Chronic fatigue and inflammation are debilitating symptoms in patients with cancer. Anti-cancer therapies may alter epigenetic signatures on the DNA contributing to an acceleration of biological processes of aging, greater inflammation and fatigue, a new study finds.
“Your biological age or the epigenetic age might be different from your chronological age. If your epigenetic age is older than your chronological age, you might age faster, [and be more susceptible to] age-associated adverse conditions. If your epigenetic age is younger than your chronological age, you might age slower,” explains Canhua Xiao, PhD, RN, FAAN, of the Emory University School of Nursing, in Atlanta.
The findings are published in the article “Epigenetic age acceleration, fatigue, and inflammation in patients undergoing radiation therapy for head and neck cancer: A longitudinal study” in Cancer, the journal of the American Cancer Society.
One of the epigenetic signatures alters DNA by appending methyl groups to the code. Usually, methylation occurs on DNA sequences when a cytosine nucleotide is followed by a guanine nucleotide (CpG sites).
“There are thousands of CpG sites in our DNA sequence. We used CpG sites that are highly associated with chronological age to code for the epigenetic age. These CpG sites range from dozens to a few hundreds depending on different methods used to calculate the epigenetic age,” says Xiao, who is first author on the study.
The researchers measure epigenetic age acceleration (EAA) during and after cancer treatment and its association with inflammation and fatigue patients with head and neck cancer.
They calculate EAA using the Levine epigenetic clock (DNAmPhenoAge) based on blood DNA methylation measures using a proprietary Illumina MethylationEPIC BeadChip. DNAmPhenoAge is a second-generation epigenetic age measure that incorporates methylation data on 513 CpG sites and predicts phenotypic age, lifespan and healthspan, adjusted for chronological age.
The authors also use three other epigenetic methods to predict phenotypic age that consider different sets of CpG islands in the genome to capture different molecular processes of aging.
The 133 patients the researchers focus on—mostly men and White—were at advanced stages of head and neck cancer and received chemoradiation treatment during the study.
“Among cancer patients, those with more fatigue and inflammation may experience accelerated epigenetic age, compared to those with less fatigue and inflammation. Our study of head and neck cancer patients has found that patients with severe fatigue experienced 3.1 years acceleration in epigenetic age than those with low fatigue…patients with high levels of inflammation exhibited approximately 5 years acceleration in epigenetic age, and inflammation appeared to account for most of the effects of EAA on fatigue,” says Xiao.
The largest increase in EAA of 4.9 years, the authors report, is seen immediately after radiotherapy, mostly in combination with chemotherapy, and the changes remain statistically significant over time.
Through correlation studies, the author show enhanced EAA is associated with elevated fatigue, and patients with severe fatigue experienced 3.1 years higher EAA than those with low fatigue.
The authors consider inflammatory markers linked to cancer-related fatigue in earlier studies. The authors measure these inflammatory at the end of radiotherapy, and a year after radiotherapy. They take duplicate measures of interleukins IL1ra, IL-1β, IL-6, IL-10, TNF, sTNFR2 using multiplex assays and CRP using the standard turbidimetric assay.

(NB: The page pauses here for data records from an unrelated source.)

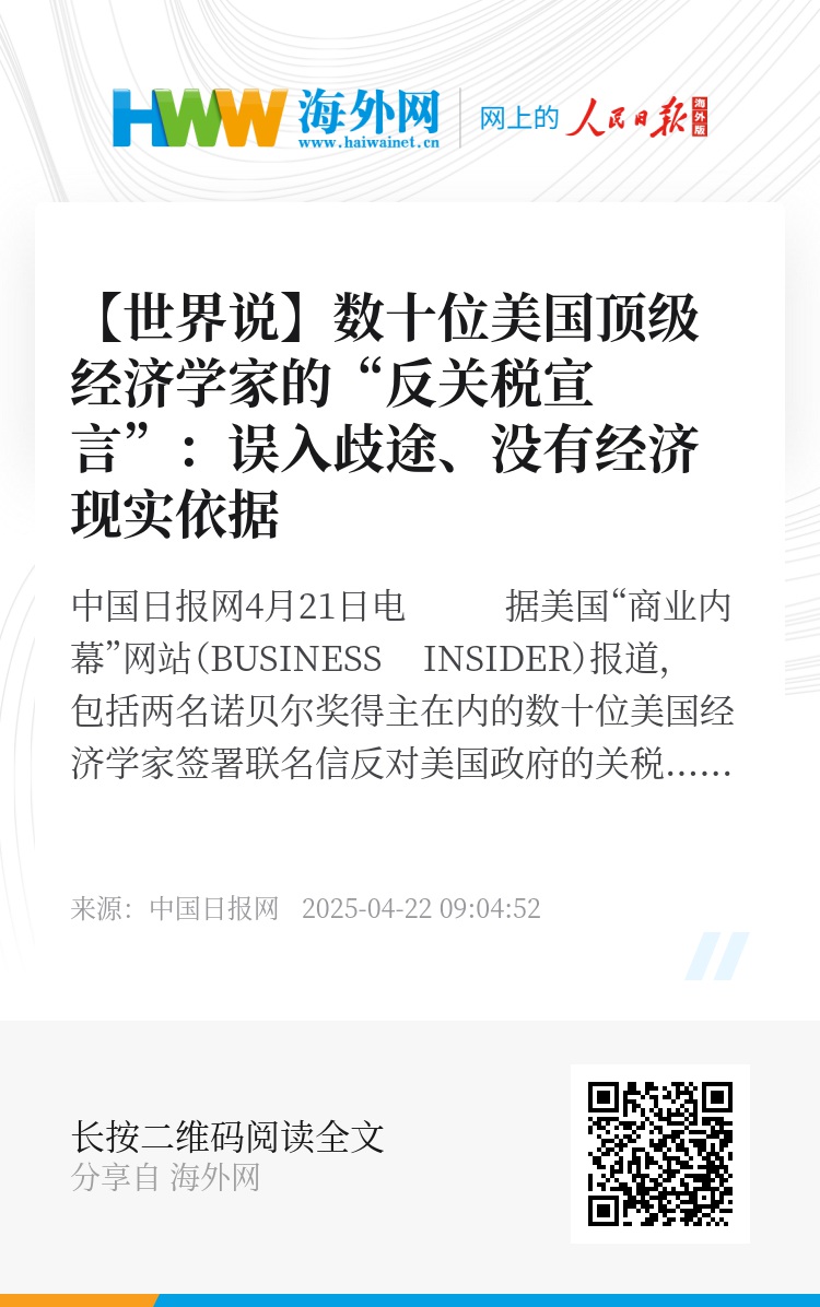 尽管现状堪忧,但联署者仍对理性终将胜出表示乐观:“我们坚信,健全的经济原理、实证证据和历史警示终将战胜当下的保护主义迷思。”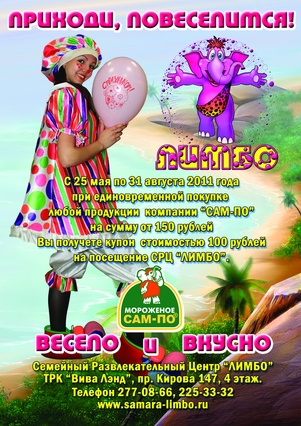 При единовременной покупке любой продукции компании "САМ-ПО" на сумму от 150 рублей Вы получаете купон стоимостью 100 рублей на посещение СРЦ "ЛИМБО".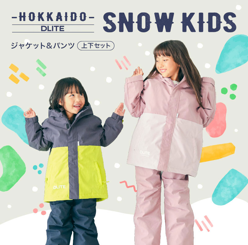 「お子さんにも喜んでもらえて、お母さんお父さんにも納得してもらえるスノーウェア」を開発するため、厳しい雪の環境で子育てをする北海道在住のお母さんお父さんにヒアリングを行い、リアルな声を反映。それがDLITEのキッズスノーウェアです。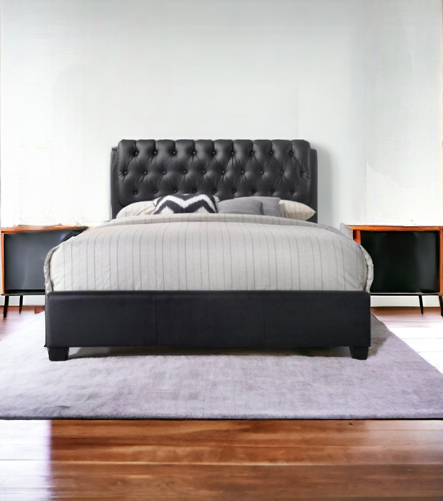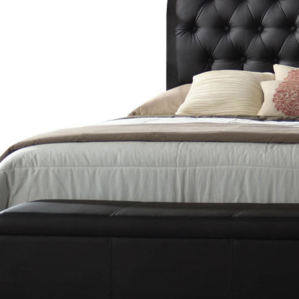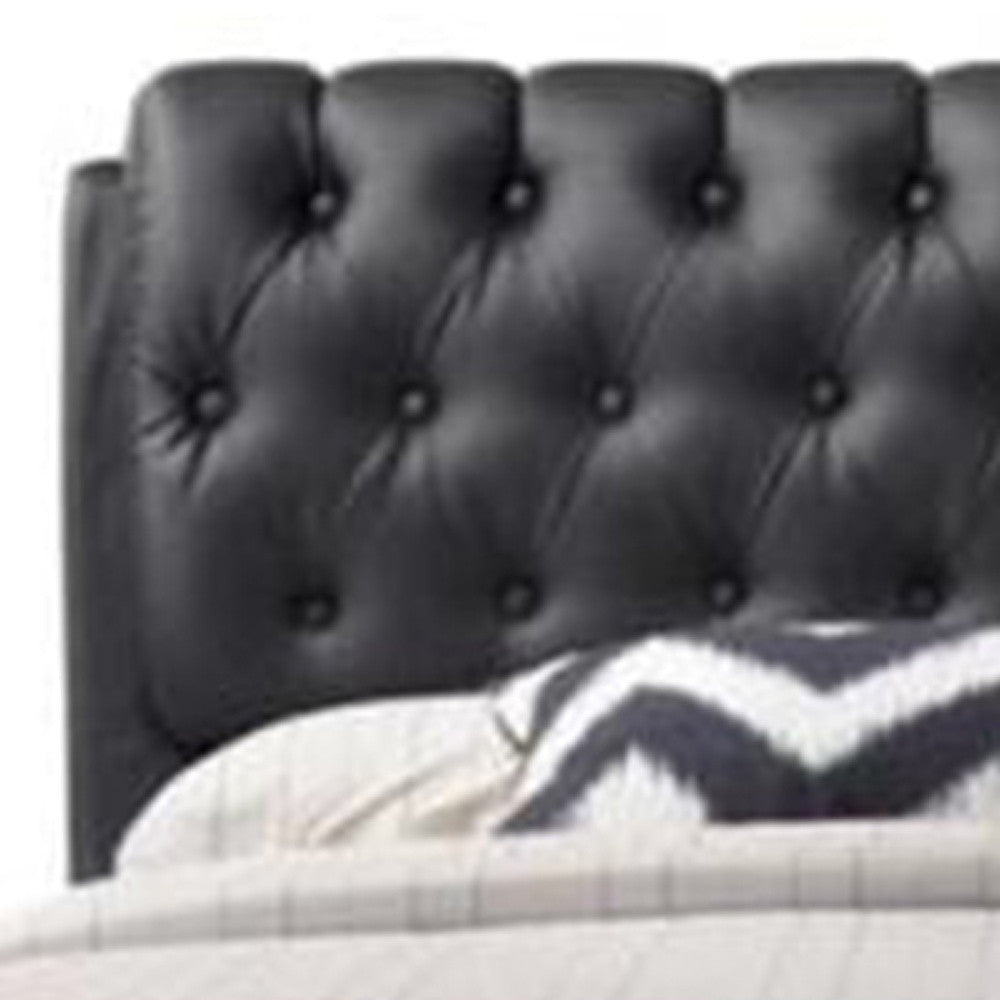 King Tufted Black Upholstered Faux Leather Bed With Nailhead Trim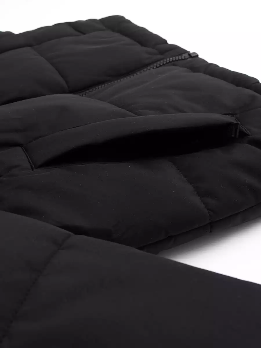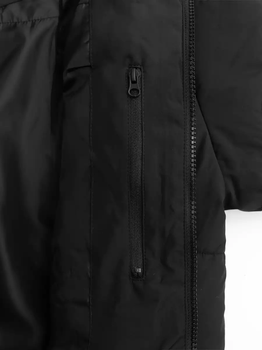 - Карманы: 2 наклонных прорезных кармана на молнии (прикрыты листочкой);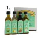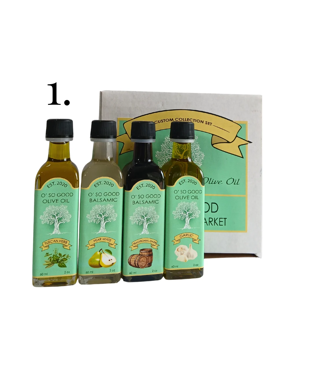 Our Best Sellers Gift Set 1 includes some of our favorite best sellers. Mix the Tuscan Herb olive oil with the Pear White Balsamic over salads, meats, and veggies! Combine the Fresh Garlic olive oil with our Traditional Dark Balsamic for a twist on caprese chicken!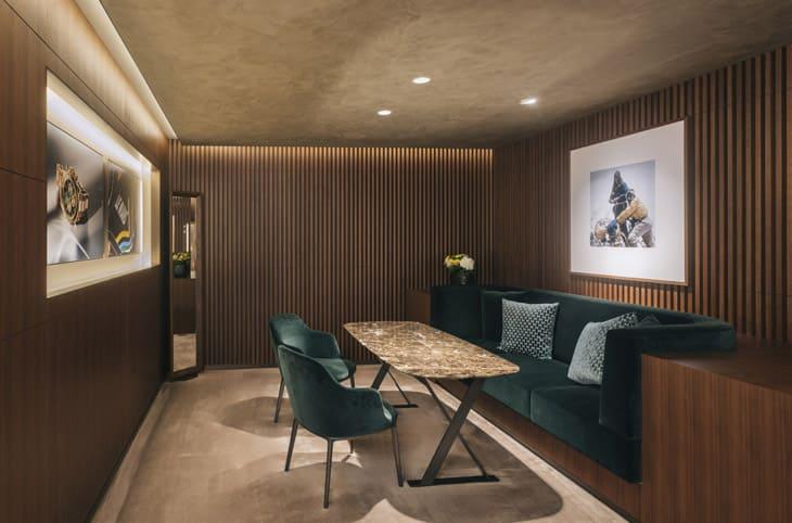 踏入店內,焦點落在接待區上方的吊燈,圓拱造型向勞力士標誌性小窗凸透鏡(Cyclops Lens)致敬,讓功能設計幻化成實用與藝術意義兼具的裝置,成為最吸睛的「彩蛋」。店內氛圍營造講究材質與光影層次,包括胡桃木實木、青銅與黃銅金屬點綴,營造沉穩高貴的質感,座椅採用綠色天鵝絨與皮革軟墊,讓鑑賞手錶的體驗既舒適又能與店面統一視覺感受。
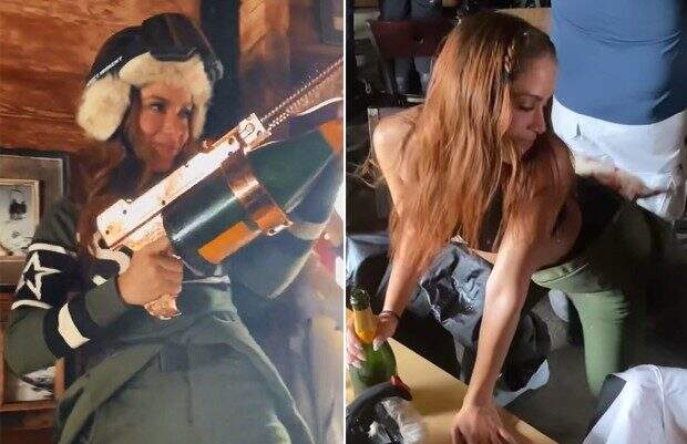 Animadíssima, a cantora usou uma bazuca dourada e fez “chover champanhe” para os outros que estavam no local. Ela ainda dançou muito, arrasando no rebolado durante o passeio.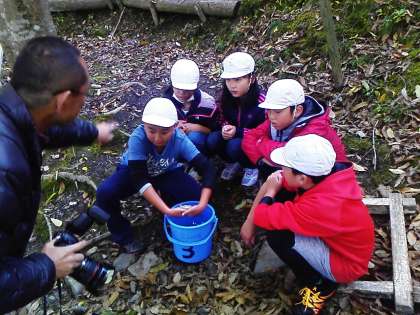 あまごをつかみました。活きがいいのでピチピチはねて魚にあそばれているようでした。さばき方を教えてもらって、串刺しにして焼いて食べました。尊い命を頂き、感謝です。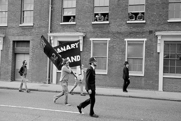 The march on Westferry Road, passing Burrell’s Wharf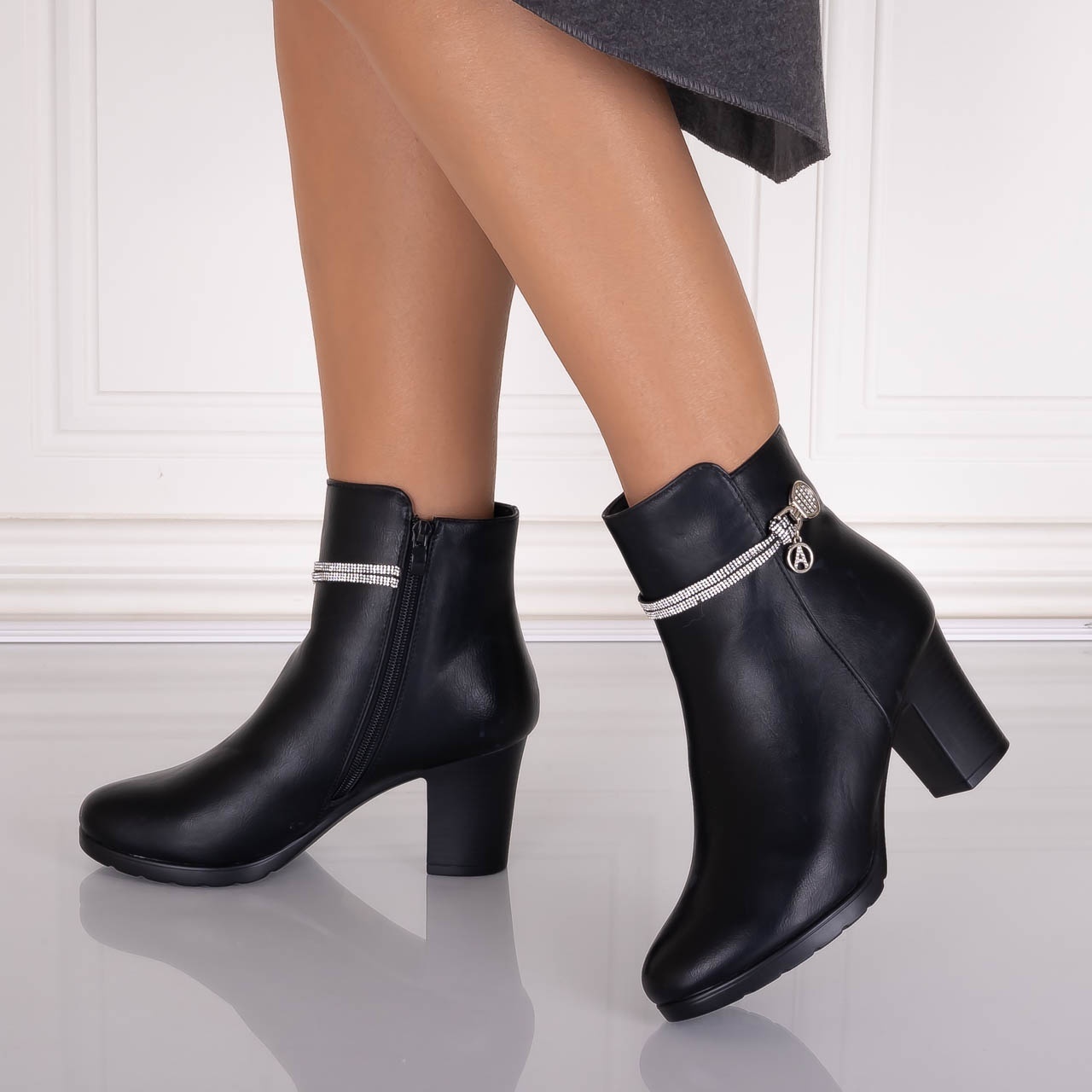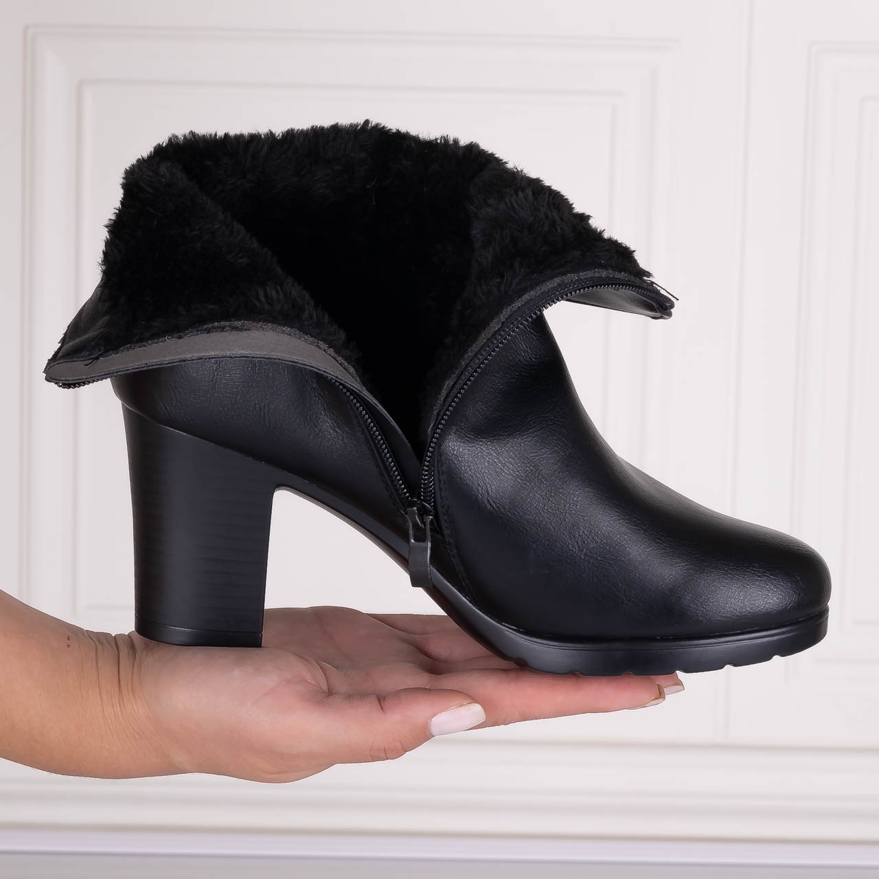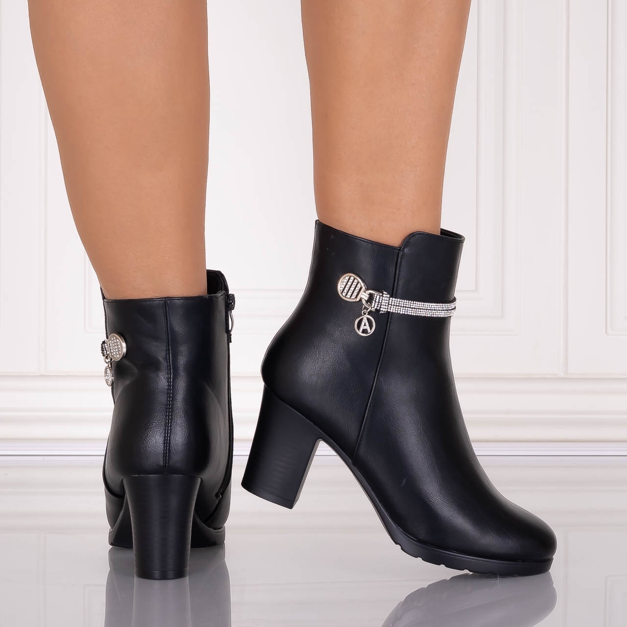Botine Dama Imblanite Negre din Piele Ecologica Serela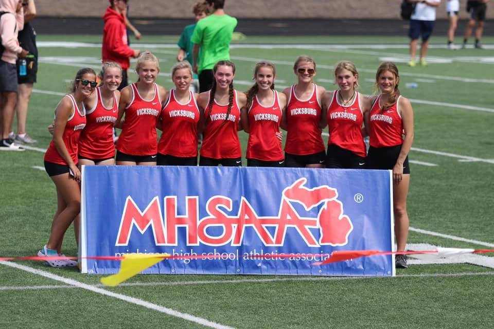 After a competitive season, members of Vicksburg’s track and field team continued to shine at the state competition. The 4×100 relay team of Megan Zahnow, Megan Kendall, Sam Richardson and Emma Steele earned All-State honors and placed 5th with a season-best 51.31. This is the second-fastest time in the school’s history.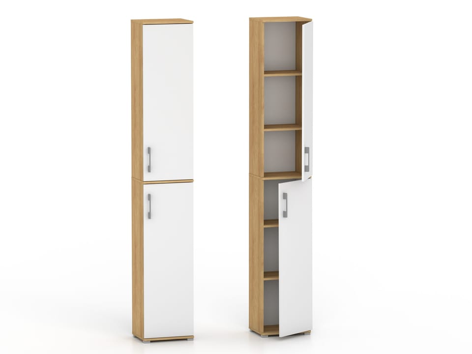 Szafa biurowa Pola 215 - 2D 30 cm Hikora naturalna z białymi frontami

The researchers show EAA is positively associated with inflammatory markers, C-reactive protein (CRP) and interleukin-6 (IL-6), over time. Patients who had high CRP show an EAA increase of 4.6 years while patients who had high IL-6 levels show an EAA increase of 5.9 years.
The authors conclude CRP and IL-6 mediate the association between EAA and fatigue and note, “Inflammation may be a target to reduce the impact of age acceleration on poor functional outcomes… Interventional studies to reduce inflammation might significantly benefit patients who have cancer, in decelerating the aging process and subsequently reducing age-related chronic health problems such as fatigue.”
Notably, this accelerated epigenetic age after cancer treatments can gradually return to the pre-treatment level either naturally over time, or by reducing inflammation.
“Our findings add to the body of evidence suggesting that long-term toxicity and possibly increased mortality incurred from anti-cancer treatments for patients with HNC may be related to increased EAA and its association with inflammation,” says Xiao. “Future studies could examine the vulnerabilities that may account for sustained high EAA, fatigue, and inflammation among patients…The long-term effect of cancer and its treatment on epigenetic age, fatigue, and inflammation still needs more investigations.”